=== Records for this task ===

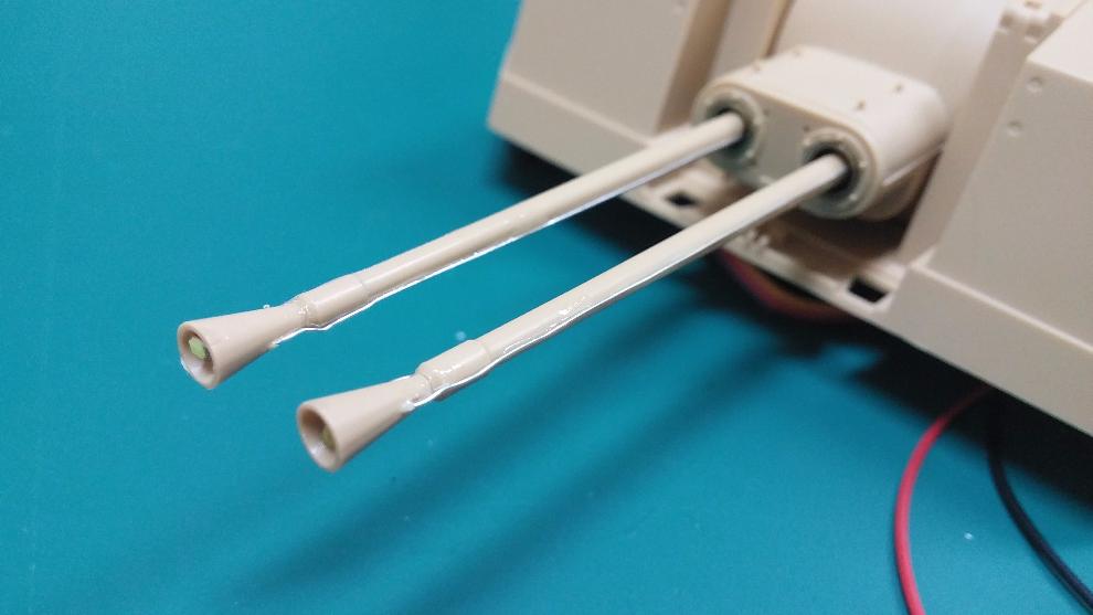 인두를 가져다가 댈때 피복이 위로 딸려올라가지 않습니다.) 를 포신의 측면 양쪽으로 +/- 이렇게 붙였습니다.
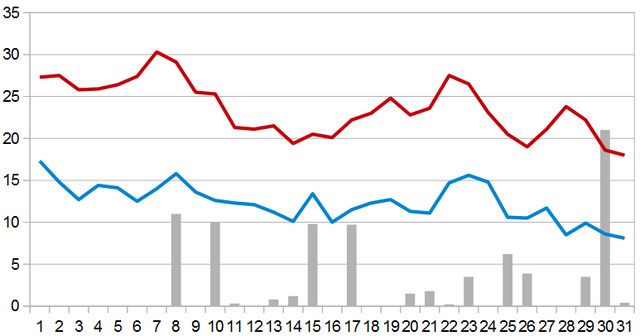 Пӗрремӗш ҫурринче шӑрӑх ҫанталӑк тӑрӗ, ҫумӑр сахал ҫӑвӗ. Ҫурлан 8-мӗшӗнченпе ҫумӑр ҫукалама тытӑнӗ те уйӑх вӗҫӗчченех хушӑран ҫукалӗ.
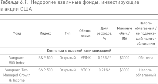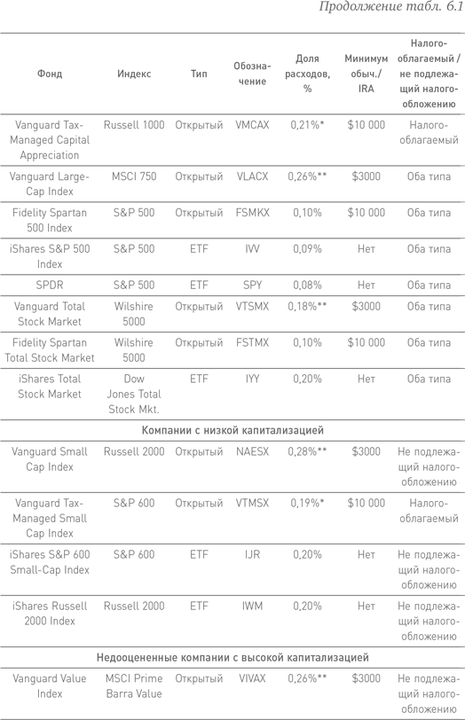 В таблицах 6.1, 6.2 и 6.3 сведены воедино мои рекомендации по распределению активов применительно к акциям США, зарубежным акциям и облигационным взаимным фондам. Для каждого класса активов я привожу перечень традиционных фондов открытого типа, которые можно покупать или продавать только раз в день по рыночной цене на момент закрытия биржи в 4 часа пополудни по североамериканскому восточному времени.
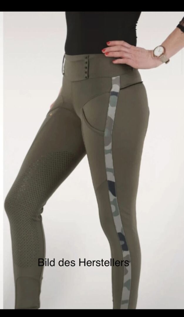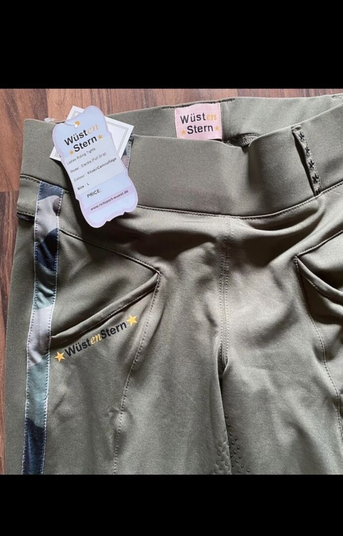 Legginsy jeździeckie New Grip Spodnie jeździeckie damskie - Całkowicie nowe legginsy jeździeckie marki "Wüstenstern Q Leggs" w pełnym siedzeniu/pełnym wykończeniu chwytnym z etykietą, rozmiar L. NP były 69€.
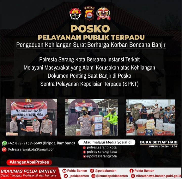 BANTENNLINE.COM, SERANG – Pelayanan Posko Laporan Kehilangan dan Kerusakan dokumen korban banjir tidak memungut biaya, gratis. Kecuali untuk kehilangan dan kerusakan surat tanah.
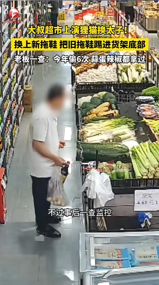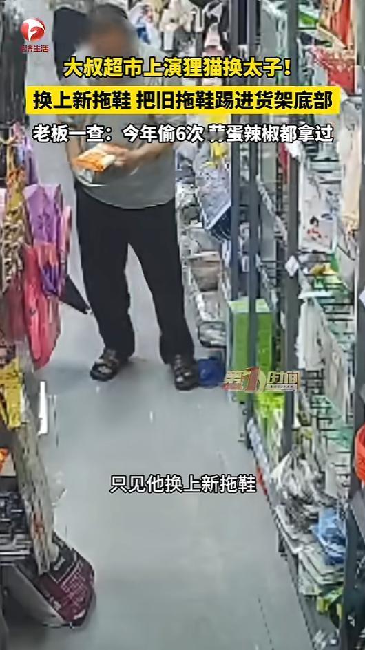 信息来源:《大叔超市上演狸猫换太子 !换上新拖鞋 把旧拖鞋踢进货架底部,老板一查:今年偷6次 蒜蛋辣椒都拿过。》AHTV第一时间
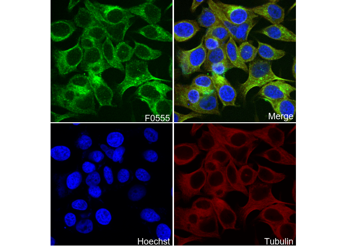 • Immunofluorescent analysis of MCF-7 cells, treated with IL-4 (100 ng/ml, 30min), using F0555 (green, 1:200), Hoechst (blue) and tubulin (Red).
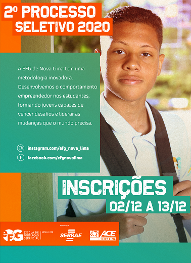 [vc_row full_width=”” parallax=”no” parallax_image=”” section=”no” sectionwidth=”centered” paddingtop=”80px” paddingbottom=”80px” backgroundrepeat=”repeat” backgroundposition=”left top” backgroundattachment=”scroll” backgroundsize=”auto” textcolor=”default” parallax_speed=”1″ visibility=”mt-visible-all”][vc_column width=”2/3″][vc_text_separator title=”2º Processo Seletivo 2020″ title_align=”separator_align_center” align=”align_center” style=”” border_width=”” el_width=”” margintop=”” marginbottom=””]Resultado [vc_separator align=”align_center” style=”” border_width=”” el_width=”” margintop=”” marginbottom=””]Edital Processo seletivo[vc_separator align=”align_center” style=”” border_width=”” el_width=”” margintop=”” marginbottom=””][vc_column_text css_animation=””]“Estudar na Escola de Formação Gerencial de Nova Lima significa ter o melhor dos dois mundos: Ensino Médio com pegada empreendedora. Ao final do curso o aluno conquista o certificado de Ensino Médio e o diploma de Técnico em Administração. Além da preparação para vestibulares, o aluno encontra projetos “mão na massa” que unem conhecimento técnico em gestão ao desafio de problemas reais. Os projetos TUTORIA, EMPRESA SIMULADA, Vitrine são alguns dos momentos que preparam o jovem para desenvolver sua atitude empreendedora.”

===

_Work instructions_
Repeat the entries word for word and skip the pictures.

_Reply to the task_
 인두를 가져다가 댈때 피복이 위로 딸려올라가지 않습니다.) 를 포신의 측면 양쪽으로 +/- 이렇게 붙였습니다.
 Пӗрремӗш ҫурринче шӑрӑх ҫанталӑк тӑрӗ, ҫумӑр сахал ҫӑвӗ. Ҫурлан 8-мӗшӗнченпе ҫумӑр ҫукалама тытӑнӗ те уйӑх вӗҫӗчченех хушӑран ҫукалӗ.
 В таблицах 6.1, 6.2 и 6.3 сведены воедино мои рекомендации по распределению активов применительно к акциям США, зарубежным акциям и облигационным взаимным фондам. Для каждого класса активов я привожу перечень традиционных фондов открытого типа, которые можно покупать или продавать только раз в день по рыночной цене на момент закрытия биржи в 4 часа пополудни по североамериканскому восточному времени.
 Legginsy jeździeckie New Grip Spodnie jeździeckie damskie - Całkowicie nowe legginsy jeździeckie marki "Wüstenstern Q Leggs" w pełnym siedzeniu/pełnym wykończeniu chwytnym z etykietą, rozmiar L. NP były 69€.
 BANTENNLINE.COM, SERANG – Pelayanan Posko Laporan Kehilangan dan Kerusakan dokumen korban banjir tidak memungut biaya, gratis. Kecuali untuk kehilangan dan kerusakan surat tanah.
 信息来源:《大叔超市上演狸猫换太子 !换上新拖鞋 把旧拖鞋踢进货架底部,老板一查:今年偷6次 蒜蛋辣椒都拿过。》AHTV第一时间
 • Immunofluorescent analysis of MCF-7 cells, treated with IL-4 (100 ng/ml, 30min), using F0555 (green, 1:200), Hoechst (blue) and tubulin (Red).
 [vc_row full_width=”” parallax=”no” parallax_image=”” section=”no” sectionwidth=”centered” paddingtop=”80px” paddingbottom=”80px” backgroundrepeat=”repeat” backgroundposition=”left top” backgroundattachment=”scroll” backgroundsize=”auto” textcolor=”default” parallax_speed=”1″ visibility=”mt-visible-all”][vc_column width=”2/3″][vc_text_separator title=”2º Processo Seletivo 2020″ title_align=”separator_align_center” align=”align_center” style=”” border_width=”” el_width=”” margintop=”” marginbottom=””]Resultado [vc_separator align=”align_center” style=”” border_width=”” el_width=”” margintop=”” marginbottom=””]Edital Processo seletivo[vc_separator align=”align_center” style=”” border_width=”” el_width=”” margintop=”” marginbottom=””][vc_column_text css_animation=””]“Estudar na Escola de Formação Gerencial de Nova Lima significa ter o melhor dos dois mundos: Ensino Médio com pegada empreendedora. Ao final do curso o aluno conquista o certificado de Ensino Médio e o diploma de Técnico em Administração. Além da preparação para vestibulares, o aluno encontra projetos “mão na massa” que unem conhecimento técnico em gestão ao desafio de problemas reais. Os projetos TUTORIA, EMPRESA SIMULADA, Vitrine são alguns dos momentos que preparam o jovem para desenvolver sua atitude empreendedora.”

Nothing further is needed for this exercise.